■ **PROBLEM TO SOLVE**
Although the entries contain pictures, copy only their text, exactly as written.

(Records from a dataset)
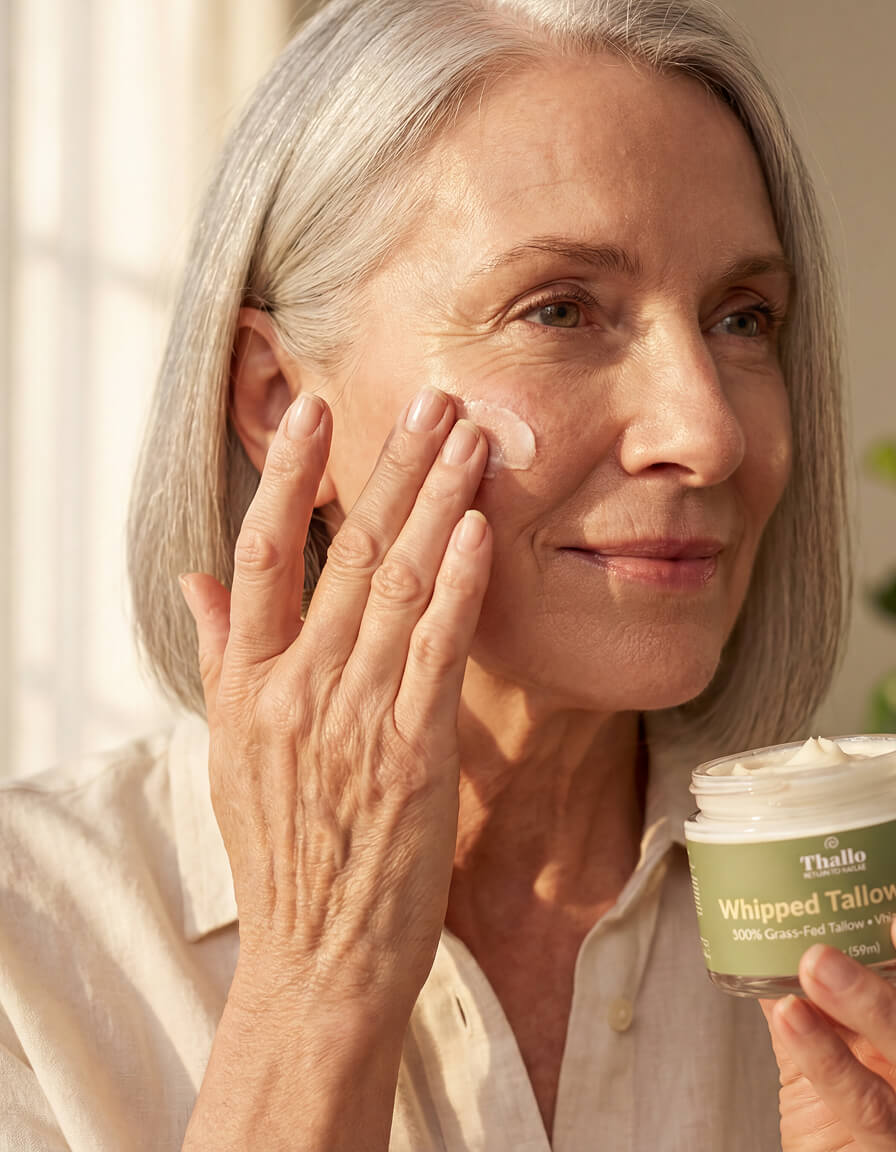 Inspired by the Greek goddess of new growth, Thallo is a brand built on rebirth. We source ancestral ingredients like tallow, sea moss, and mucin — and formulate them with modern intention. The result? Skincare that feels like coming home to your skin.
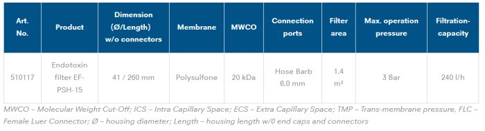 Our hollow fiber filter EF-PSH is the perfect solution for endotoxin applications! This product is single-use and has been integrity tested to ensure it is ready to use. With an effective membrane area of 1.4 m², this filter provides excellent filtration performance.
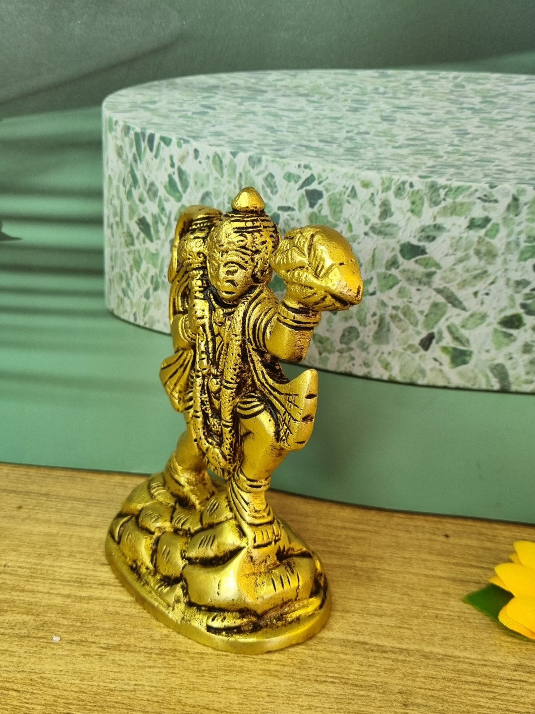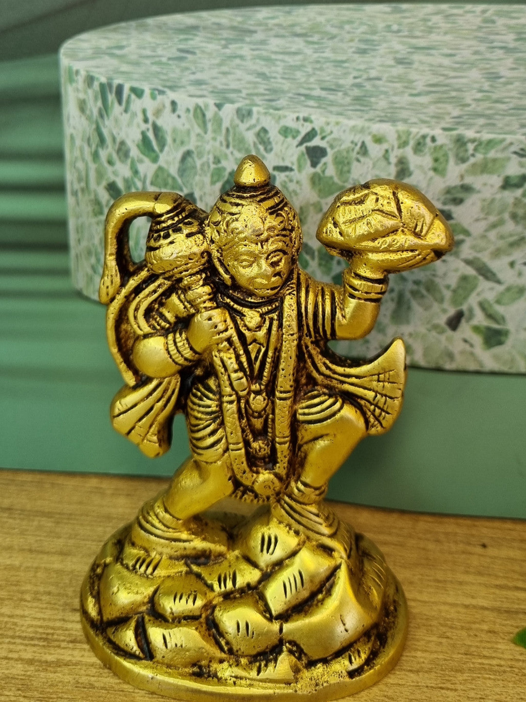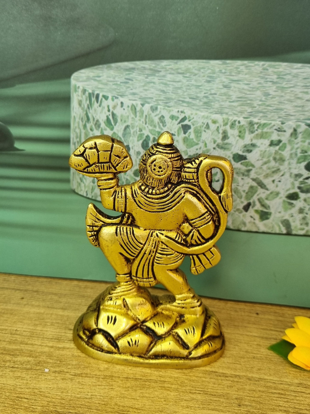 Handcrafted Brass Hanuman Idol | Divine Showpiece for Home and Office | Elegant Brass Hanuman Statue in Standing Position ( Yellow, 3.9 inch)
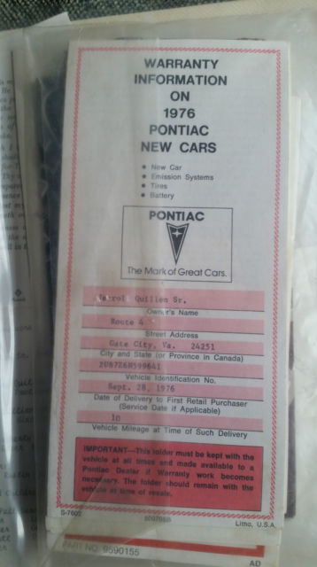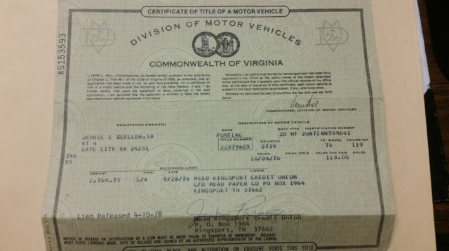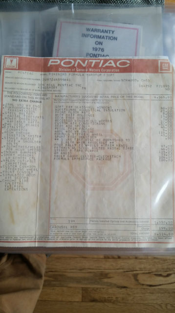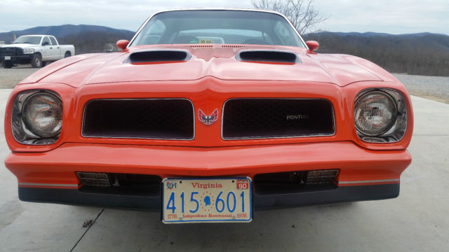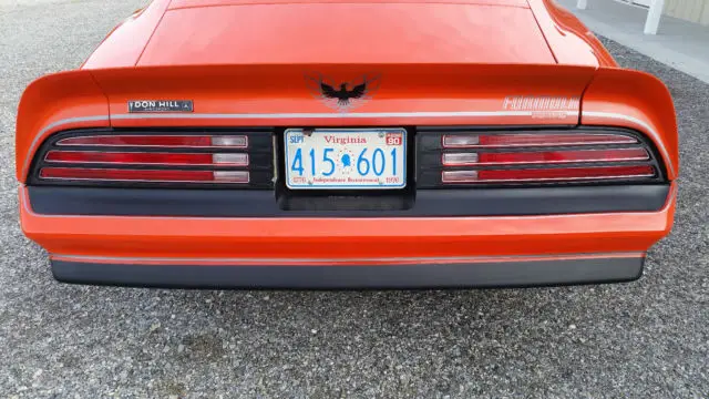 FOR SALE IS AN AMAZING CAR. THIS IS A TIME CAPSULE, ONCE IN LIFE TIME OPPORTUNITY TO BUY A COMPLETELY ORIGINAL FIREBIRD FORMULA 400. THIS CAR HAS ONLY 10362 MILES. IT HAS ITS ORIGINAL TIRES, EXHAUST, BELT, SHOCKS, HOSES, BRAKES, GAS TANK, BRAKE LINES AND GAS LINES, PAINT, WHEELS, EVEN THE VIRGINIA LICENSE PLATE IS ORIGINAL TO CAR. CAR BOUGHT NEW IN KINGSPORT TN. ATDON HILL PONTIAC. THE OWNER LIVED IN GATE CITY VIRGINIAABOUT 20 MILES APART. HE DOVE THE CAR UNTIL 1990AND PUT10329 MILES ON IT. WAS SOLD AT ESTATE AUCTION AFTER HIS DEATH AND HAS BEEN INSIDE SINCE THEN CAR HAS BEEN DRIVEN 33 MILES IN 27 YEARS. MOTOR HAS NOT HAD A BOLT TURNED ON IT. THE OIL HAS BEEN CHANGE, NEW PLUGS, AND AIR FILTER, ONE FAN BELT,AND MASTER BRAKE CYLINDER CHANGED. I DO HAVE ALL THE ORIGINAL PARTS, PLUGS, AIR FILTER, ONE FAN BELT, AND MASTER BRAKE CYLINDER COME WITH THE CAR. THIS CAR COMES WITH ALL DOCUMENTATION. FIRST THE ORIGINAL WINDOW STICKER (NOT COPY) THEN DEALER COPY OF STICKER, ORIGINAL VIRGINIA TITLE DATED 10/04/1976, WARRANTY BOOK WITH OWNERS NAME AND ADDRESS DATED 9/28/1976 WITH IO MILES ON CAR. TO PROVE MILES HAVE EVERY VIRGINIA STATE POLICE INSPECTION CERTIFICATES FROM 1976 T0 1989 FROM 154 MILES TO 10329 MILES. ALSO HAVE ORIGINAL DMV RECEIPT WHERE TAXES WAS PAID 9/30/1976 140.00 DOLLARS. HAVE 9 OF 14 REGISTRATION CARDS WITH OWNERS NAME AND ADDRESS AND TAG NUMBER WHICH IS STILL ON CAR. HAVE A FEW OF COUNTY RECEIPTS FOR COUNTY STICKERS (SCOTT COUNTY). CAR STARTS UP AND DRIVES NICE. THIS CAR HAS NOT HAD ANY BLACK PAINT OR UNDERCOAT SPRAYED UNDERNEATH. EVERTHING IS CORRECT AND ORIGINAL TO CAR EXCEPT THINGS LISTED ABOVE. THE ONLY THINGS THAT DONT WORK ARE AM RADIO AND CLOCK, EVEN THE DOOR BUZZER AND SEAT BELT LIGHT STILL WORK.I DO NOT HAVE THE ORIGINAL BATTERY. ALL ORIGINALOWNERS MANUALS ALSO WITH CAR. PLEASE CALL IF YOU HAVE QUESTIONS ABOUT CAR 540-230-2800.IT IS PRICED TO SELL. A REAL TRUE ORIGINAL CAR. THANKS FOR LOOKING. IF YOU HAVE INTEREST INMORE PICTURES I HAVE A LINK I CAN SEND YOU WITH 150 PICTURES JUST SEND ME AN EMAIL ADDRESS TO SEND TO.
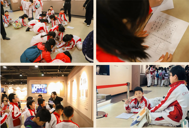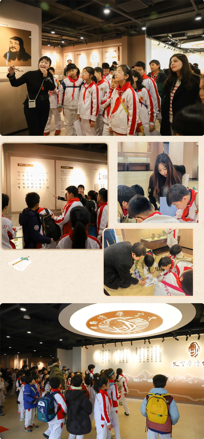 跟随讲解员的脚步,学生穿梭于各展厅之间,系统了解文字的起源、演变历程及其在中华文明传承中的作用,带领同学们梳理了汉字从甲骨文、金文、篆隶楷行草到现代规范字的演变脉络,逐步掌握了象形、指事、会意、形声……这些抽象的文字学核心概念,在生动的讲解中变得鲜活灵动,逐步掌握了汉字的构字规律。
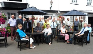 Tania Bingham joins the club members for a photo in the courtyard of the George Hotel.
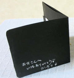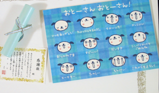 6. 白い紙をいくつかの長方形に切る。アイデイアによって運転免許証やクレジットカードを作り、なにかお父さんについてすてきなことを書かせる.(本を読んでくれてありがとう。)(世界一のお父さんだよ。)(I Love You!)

■ **SOLUTION BELOW**
 Inspired by the Greek goddess of new growth, Thallo is a brand built on rebirth. We source ancestral ingredients like tallow, sea moss, and mucin — and formulate them with modern intention. The result? Skincare that feels like coming home to your skin.
 Our hollow fiber filter EF-PSH is the perfect solution for endotoxin applications! This product is single-use and has been integrity tested to ensure it is ready to use. With an effective membrane area of 1.4 m², this filter provides excellent filtration performance.
 Handcrafted Brass Hanuman Idol | Divine Showpiece for Home and Office | Elegant Brass Hanuman Statue in Standing Position ( Yellow, 3.9 inch)
 FOR SALE IS AN AMAZING CAR. THIS IS A TIME CAPSULE, ONCE IN LIFE TIME OPPORTUNITY TO BUY A COMPLETELY ORIGINAL FIREBIRD FORMULA 400. THIS CAR HAS ONLY 10362 MILES. IT HAS ITS ORIGINAL TIRES, EXHAUST, BELT, SHOCKS, HOSES, BRAKES, GAS TANK, BRAKE LINES AND GAS LINES, PAINT, WHEELS, EVEN THE VIRGINIA LICENSE PLATE IS ORIGINAL TO CAR. CAR BOUGHT NEW IN KINGSPORT TN. ATDON HILL PONTIAC. THE OWNER LIVED IN GATE CITY VIRGINIAABOUT 20 MILES APART. HE DOVE THE CAR UNTIL 1990AND PUT10329 MILES ON IT. WAS SOLD AT ESTATE AUCTION AFTER HIS DEATH AND HAS BEEN INSIDE SINCE THEN CAR HAS BEEN DRIVEN 33 MILES IN 27 YEARS. MOTOR HAS NOT HAD A BOLT TURNED ON IT. THE OIL HAS BEEN CHANGE, NEW PLUGS, AND AIR FILTER, ONE FAN BELT,AND MASTER BRAKE CYLINDER CHANGED. I DO HAVE ALL THE ORIGINAL PARTS, PLUGS, AIR FILTER, ONE FAN BELT, AND MASTER BRAKE CYLINDER COME WITH THE CAR. THIS CAR COMES WITH ALL DOCUMENTATION. FIRST THE ORIGINAL WINDOW STICKER (NOT COPY) THEN DEALER COPY OF STICKER, ORIGINAL VIRGINIA TITLE DATED 10/04/1976, WARRANTY BOOK WITH OWNERS NAME AND ADDRESS DATED 9/28/1976 WITH IO MILES ON CAR. TO PROVE MILES HAVE EVERY VIRGINIA STATE POLICE INSPECTION CERTIFICATES FROM 1976 T0 1989 FROM 154 MILES TO 10329 MILES. ALSO HAVE ORIGINAL DMV RECEIPT WHERE TAXES WAS PAID 9/30/1976 140.00 DOLLARS. HAVE 9 OF 14 REGISTRATION CARDS WITH OWNERS NAME AND ADDRESS AND TAG NUMBER WHICH IS STILL ON CAR. HAVE A FEW OF COUNTY RECEIPTS FOR COUNTY STICKERS (SCOTT COUNTY). CAR STARTS UP AND DRIVES NICE. THIS CAR HAS NOT HAD ANY BLACK PAINT OR UNDERCOAT SPRAYED UNDERNEATH. EVERTHING IS CORRECT AND ORIGINAL TO CAR EXCEPT THINGS LISTED ABOVE. THE ONLY THINGS THAT DONT WORK ARE AM RADIO AND CLOCK, EVEN THE DOOR BUZZER AND SEAT BELT LIGHT STILL WORK.I DO NOT HAVE THE ORIGINAL BATTERY. ALL ORIGINALOWNERS MANUALS ALSO WITH CAR. PLEASE CALL IF YOU HAVE QUESTIONS ABOUT CAR 540-230-2800.IT IS PRICED TO SELL. A REAL TRUE ORIGINAL CAR. THANKS FOR LOOKING. IF YOU HAVE INTEREST INMORE PICTURES I HAVE A LINK I CAN SEND YOU WITH 150 PICTURES JUST SEND ME AN EMAIL ADDRESS TO SEND TO.
 跟随讲解员的脚步,学生穿梭于各展厅之间,系统了解文字的起源、演变历程及其在中华文明传承中的作用,带领同学们梳理了汉字从甲骨文、金文、篆隶楷行草到现代规范字的演变脉络,逐步掌握了象形、指事、会意、形声……这些抽象的文字学核心概念,在生动的讲解中变得鲜活灵动,逐步掌握了汉字的构字规律。
 Tania Bingham joins the club members for a photo in the courtyard of the George Hotel.
 6. 白い紙をいくつかの長方形に切る。アイデイアによって運転免許証やクレジットカードを作り、なにかお父さんについてすてきなことを書かせる.(本を読んでくれてありがとう。)(世界一のお父さんだよ。)(I Love You!)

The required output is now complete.